Badeaux v. Riley

595 So. 2d 1173 | La. Ct. App. | 1992

KLIEBERT, Chief Judge.

This is a custody matter which was instituted by the paternal grandparents of a minor child born on September 16, 1987 to the son of the petitioners and the defendant, the latter two having never married. The child was placed by her mother in January of 1990 with her sister in Georgia who in turn placed the child in the hands of a couple, who are unknown to the petitioners, and who are not related to any of the parties.

The father of the child has acknowledged his unfitness to care for the child and has joined with his parents in their endeavor to have custody awarded to them. The mother likewise acknowledges that she is not in a position to care for the child but resists the efforts of the petitioners in seeking custody.

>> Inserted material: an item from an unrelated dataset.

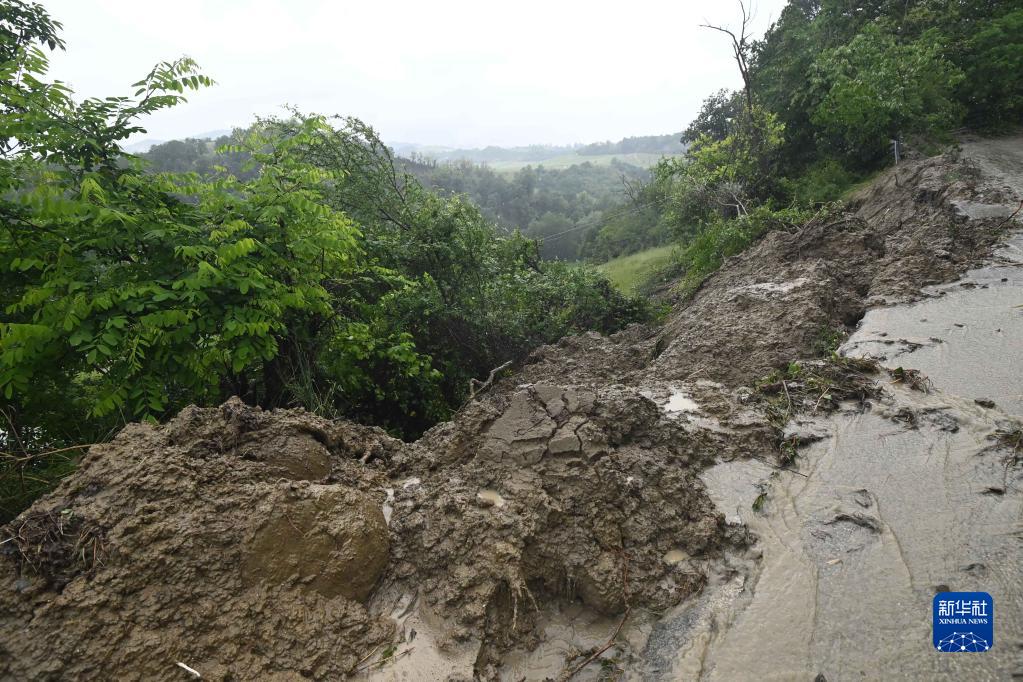 這是5月19日在意大利北部艾米利亞-羅馬涅大區博洛尼亞拍攝的山體滑坡現場(chǎng)。
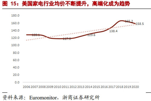以海尔智家最大的北美市场为例,近年来美国家电均价不断提升,2006-2020年从128美元提升至159美元。

The matter was heard in the trial court on September 5, 1991. On that morning the defendant filed an exception to jurisdiction (based upon the child’s residence in Georgia) and the matter then went to trial, which included the testimony of petitioners, defendant, and three other persons, all residents of St. Charles Parish.

Following the hearing, by judgment dated September 12, 1991, the trial court 1) overruled the exception to jurisdiction 2) awarded the temporary custody of the child to petitioners pending further order of the court, 3) re-scheduled the matter for hearing regarding permanent custody on December 20, 1991, and 4) ordered a home study of petitioners’ residence by the Department of Social Services. The defendant has appealed.

We note ex proprio motu that the judgment of September 12, 1991 is neither a final judgment nor an interlocutory decree which causes irreparable injury from which an appeal will lie under C.C.P. Art. 2083. It has been held that no appeal lies from a judgment overruling an exception to jurisdiction. See Howard v. Cox, 7 Mart. (N.S.) 102 (1828); Richardson v. Ledbetter, 14 La. 156 (1839). It has also been held that *1174no appeal lies from a judgment awarding temporary custody. See See Courtin v. Browne, 151 La. 741, 92 So. 320 (1922).

Accordingly, we dismiss the appeal at appellant’s cost.